** What the exercise asks **
Your job is to print, exactly, the lines in the data below from the line with "До води об'ємом" through the line with "色:オフホワイトのノースリーブニットセーター,チェック柄ワイドレッグパンツ", both included, and to omit any picture.

** Data excerpts **
^^^^^^^^^^^^^^^^
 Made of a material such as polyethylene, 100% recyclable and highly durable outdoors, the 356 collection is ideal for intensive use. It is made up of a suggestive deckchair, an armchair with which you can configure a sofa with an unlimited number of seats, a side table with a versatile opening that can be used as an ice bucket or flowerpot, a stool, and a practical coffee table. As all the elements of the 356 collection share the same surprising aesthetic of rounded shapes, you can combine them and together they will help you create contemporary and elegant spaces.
^^^^^^^^^^^^^^^^
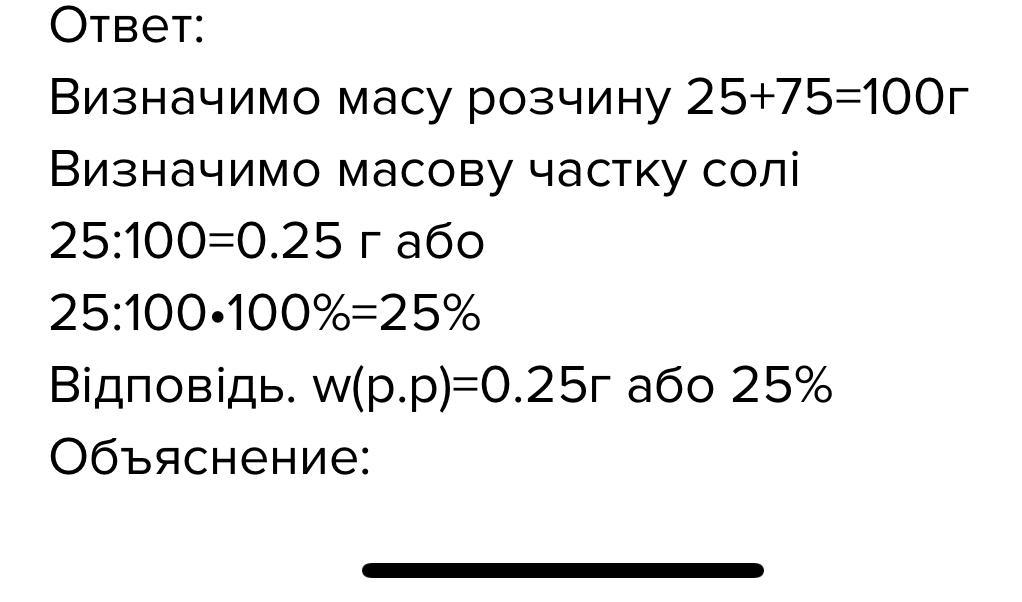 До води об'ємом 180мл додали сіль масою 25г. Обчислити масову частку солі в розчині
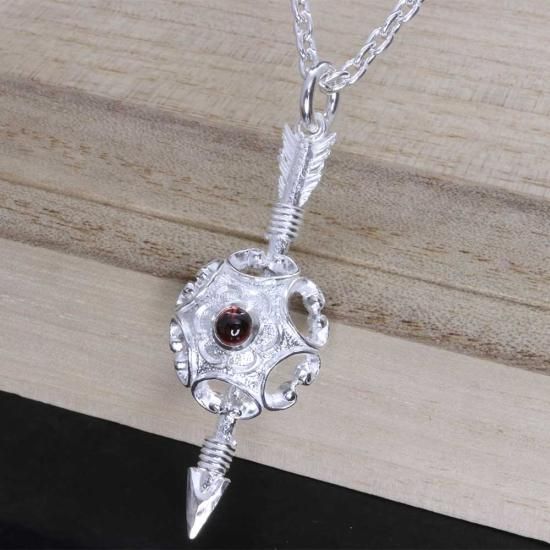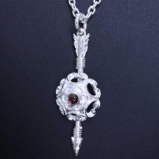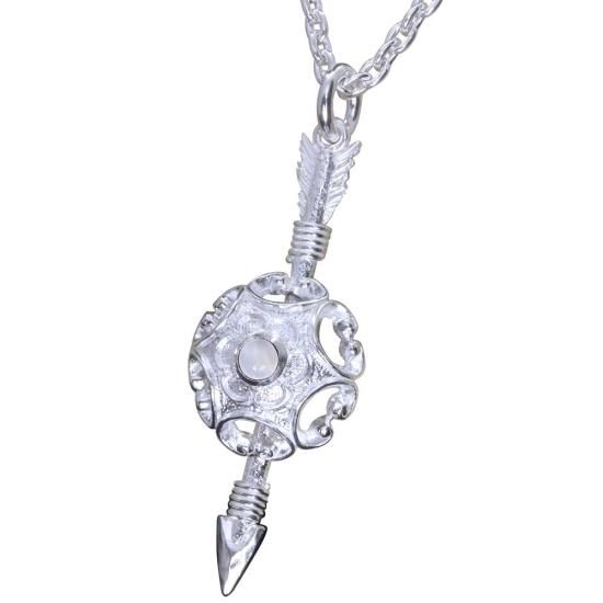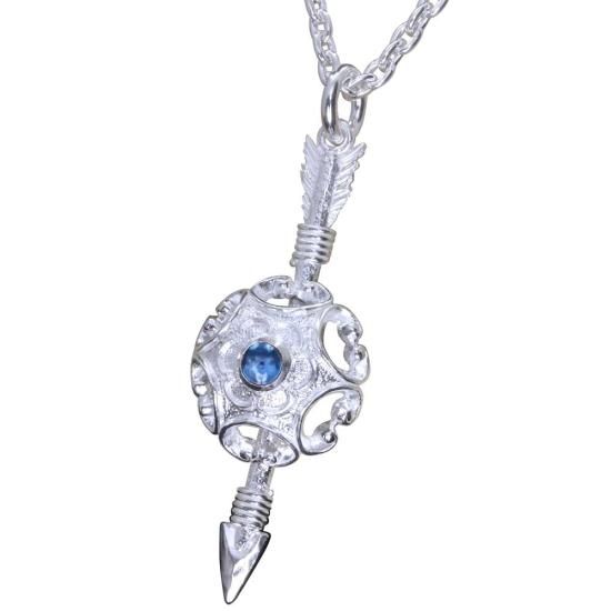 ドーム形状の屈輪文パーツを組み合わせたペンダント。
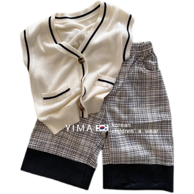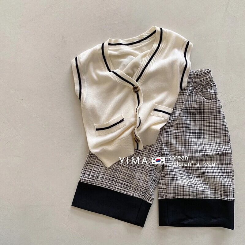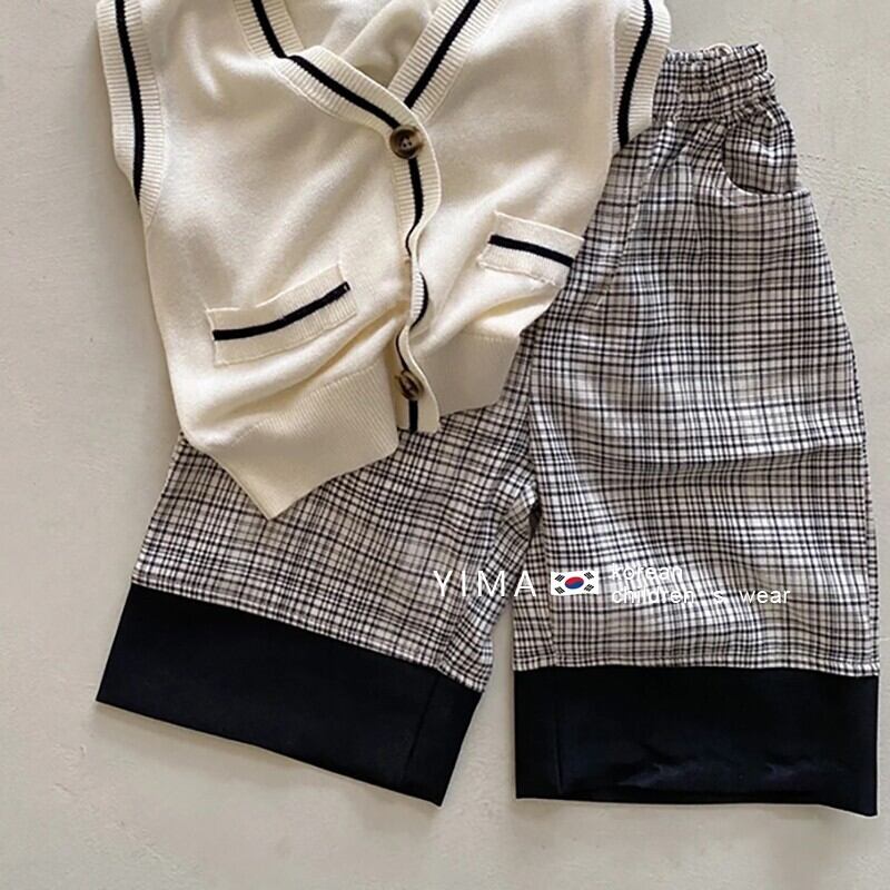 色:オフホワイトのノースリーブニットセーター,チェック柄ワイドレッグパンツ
^^^^^^^^^^^^^^^^
** Task response **
 До води об'ємом 180мл додали сіль масою 25г. Обчислити масову частку солі в розчині
 ドーム形状の屈輪文パーツを組み合わせたペンダント。
 色:オフホワイトのノースリーブニットセーター,チェック柄ワイドレッグパンツ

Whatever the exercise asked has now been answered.